That model does not mandate how packets move. Common implementations use routed Pod CIDRs, overlays such as VXLAN or Geneve, cloud-native VPC addressing, BGP, iptables, IPVS, nftables, eBPF, or combinations.
CNI Responsibilities
CNI plugins create Pod network interfaces and connect them to the node and cluster network.
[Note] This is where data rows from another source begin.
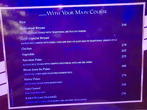 Read more(23-06-2019) last night i visited Clove99 for dinner because many of my friends suggested me, so when i visited i saw one table empty (recently someone have done their dinner) & not cleaned & no reservation that time.. so before our sitting i confirm one of waiter that this table is reserved or not for any one, we sat and asked for cleaning our table but no one come to clean, everyone busy in serving other tables, i called one of them and again asked for cleaning this time waiter said sir please wait i will clean, but our table cleaned by 3rd my call. but our table not cleaned correctly, at last we ordered and received our meal within 10-15 mints, we eat kadhai panner(tastes so so), clove's special dal makhni tastes less then so so beacuse of there is no makhni inside or garnished by makhni and dal was not as i tasted lots of restaurants. all over i didn't like service and food of clove99 i waste Rs.800, i suggest please visit clove99 at your own risk .... thank you for reading and good...
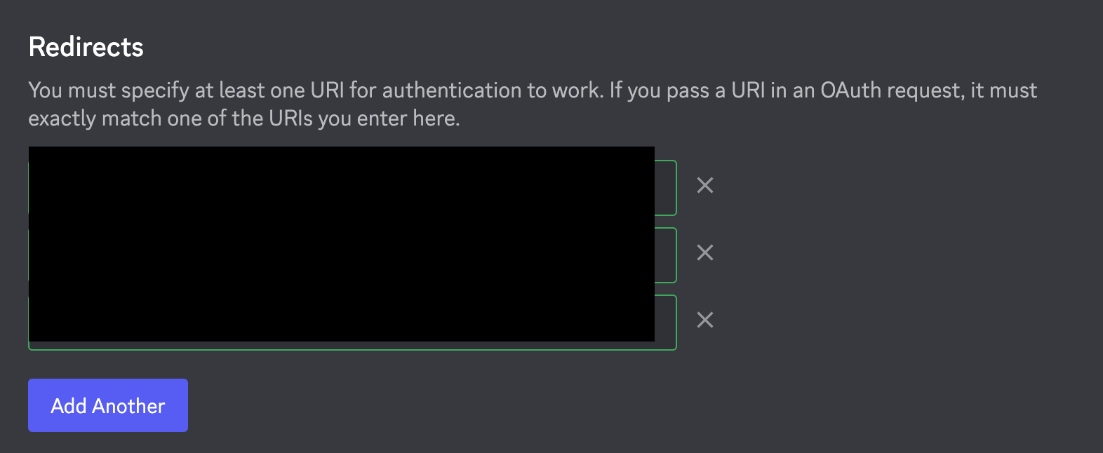 Discord의 OAuth2 > General > Redirects에 추가하면 된다.
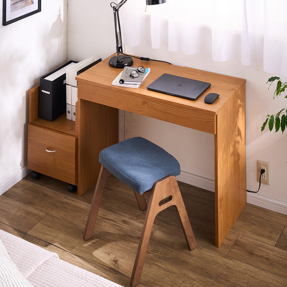 (イ)ミディアムブラウン 無駄の無いシンプルなデザインで、置く場所を選びません。書斎がなくても寝室やリビングの片隅に置けます。 ※チェアは別売りのスタッキングスツールを使用しています。

A plugin may also implement NetworkPolicy, Service load balancing, encryption, observability, egress gateways, or IPAM.
Operational questions:
- Which CNI plugin is installed?
- What Pod CIDRs are assigned to nodes?
- Is traffic routed, encapsulated, or cloud-native?
- Does the plugin enforce NetworkPolicy?
- Does the plugin replace kube-proxy?
- What MTU does it set for Pods and tunnels?
Common CNI shapes:
| CNI Shape | Typical Datapath | Strength | Common Debug Focus |
|---|---|---|---|
| Flannel-style overlay | VXLAN/host-gw routes, simple Pod networking. | Simple cluster Pod reachability. | MTU, node routes, overlay interface, lack of NetworkPolicy. |
| Calico-style routed/BGP | Routed Pod CIDRs, optional IP-in-IP/VXLAN, policy. | Policy plus routed networks. | BGP sessions, Felix logs, route tables, policy drops. |
| Cilium-style eBPF | eBPF programs and maps, optional kube-proxy replacement. | Service maps, policy, observability, L7 options. | Cilium agent status, BPF maps, Hubble/drop reasons. |
| Cloud VPC CNI | Pod IPs from cloud VPC/subnet interfaces. | Native cloud routing and security integration. | IP exhaustion, ENI/NIC limits, subnet routes, security groups. |
Pod Packet Paths
Same-node Pod traffic, cross-node Pod traffic, Service traffic, and external egress can use different paths.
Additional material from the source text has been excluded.